(Task prompt) The records that follow are to be copied word for word. Pictures should be omitted.

(Task data)
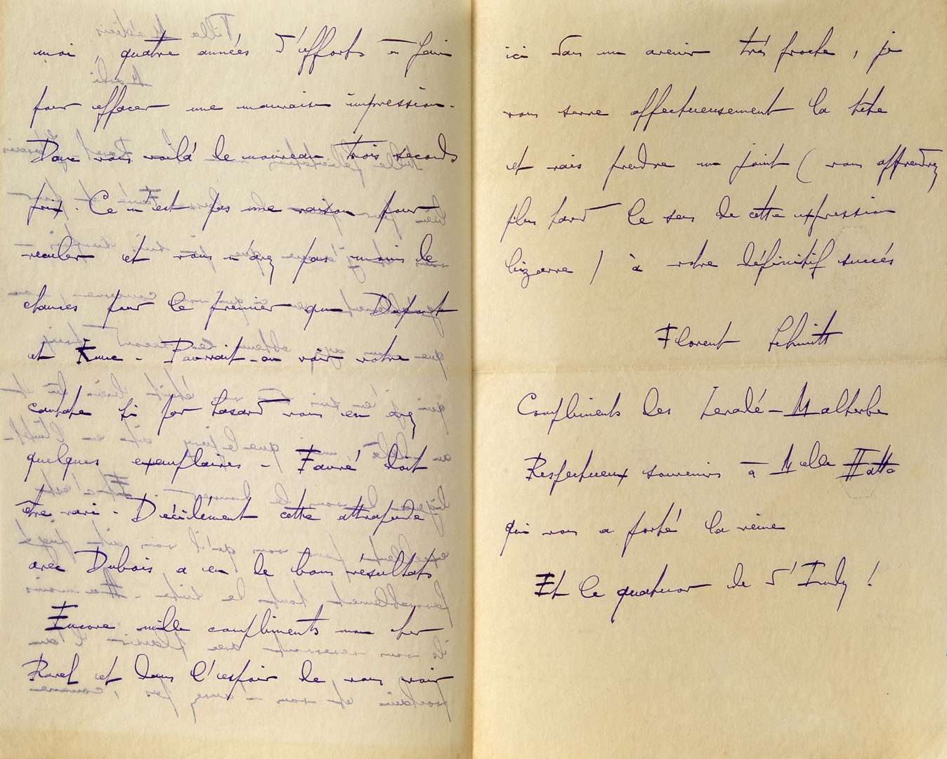 Lettre autographe signée de Florent SCHMITT, à la Villa Médicis, s.d, adressée à Maurice RAVEL. Avec enveloppe.3 pages in-8.
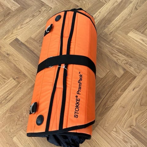 Stokke prampack / rejsetaske til barnevogn/klapvogn sælges. Den er i fin stand, selv om den har lidt slidtage efter en del rejser. Det er ikke noget, der er af betydning, om den ser stadig ud som ny indeni, hvor vognen skal beskyttes.
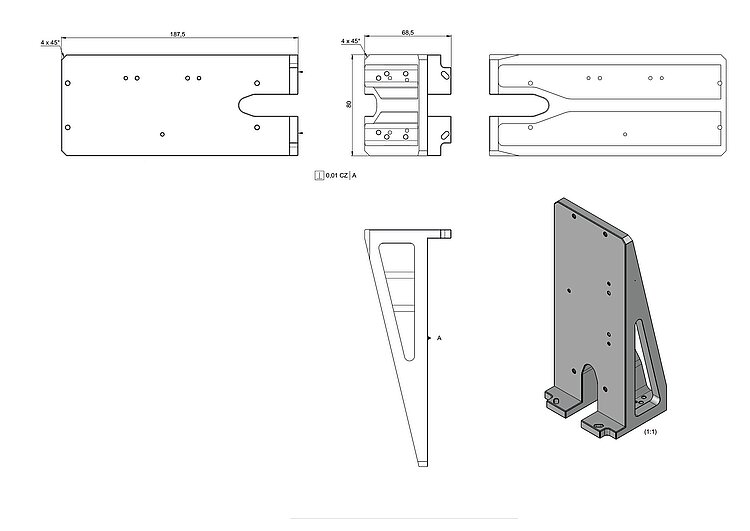 Mounting bracket for Z mounting of the N-332.24U(Y) onto a N-332 linear stage; vacuum-compatible to 10-9 hPa; nickel-plated aluminum; including mounting kit
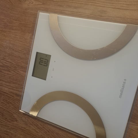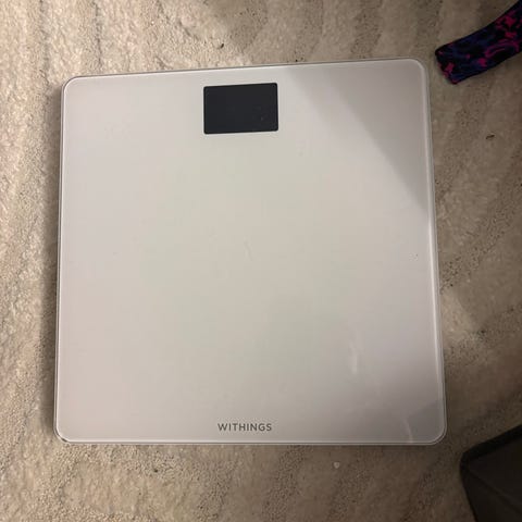 Garmin baderomsvekt med digitalt display i hvit utførelse. Vekten har belyst skjerm som viser vektmåling tydelig. Den måler bl.a. vekt, muskelmasse, benvekt, vannvekt mm.
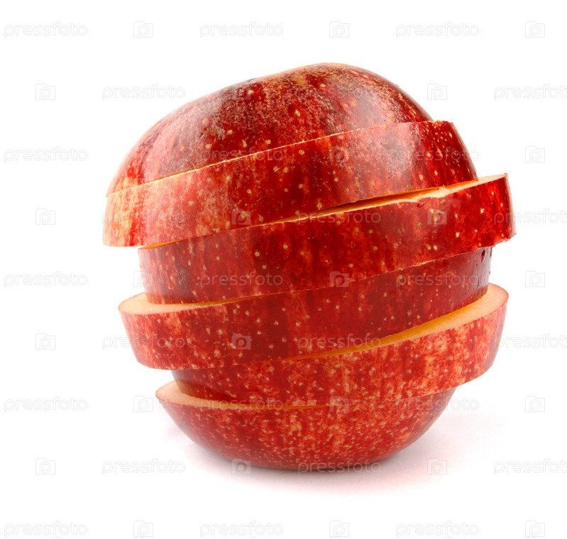 Нарезанное колечками красное яблоко изолировано на белом фоне

(Final answer)
 Lettre autographe signée de Florent SCHMITT, à la Villa Médicis, s.d, adressée à Maurice RAVEL. Avec enveloppe.3 pages in-8.
 Stokke prampack / rejsetaske til barnevogn/klapvogn sælges. Den er i fin stand, selv om den har lidt slidtage efter en del rejser. Det er ikke noget, der er af betydning, om den ser stadig ud som ny indeni, hvor vognen skal beskyttes.
 Mounting bracket for Z mounting of the N-332.24U(Y) onto a N-332 linear stage; vacuum-compatible to 10-9 hPa; nickel-plated aluminum; including mounting kit
 Garmin baderomsvekt med digitalt display i hvit utførelse. Vekten har belyst skjerm som viser vektmåling tydelig. Den måler bl.a. vekt, muskelmasse, benvekt, vannvekt mm.
 Нарезанное колечками красное яблоко изолировано на белом фоне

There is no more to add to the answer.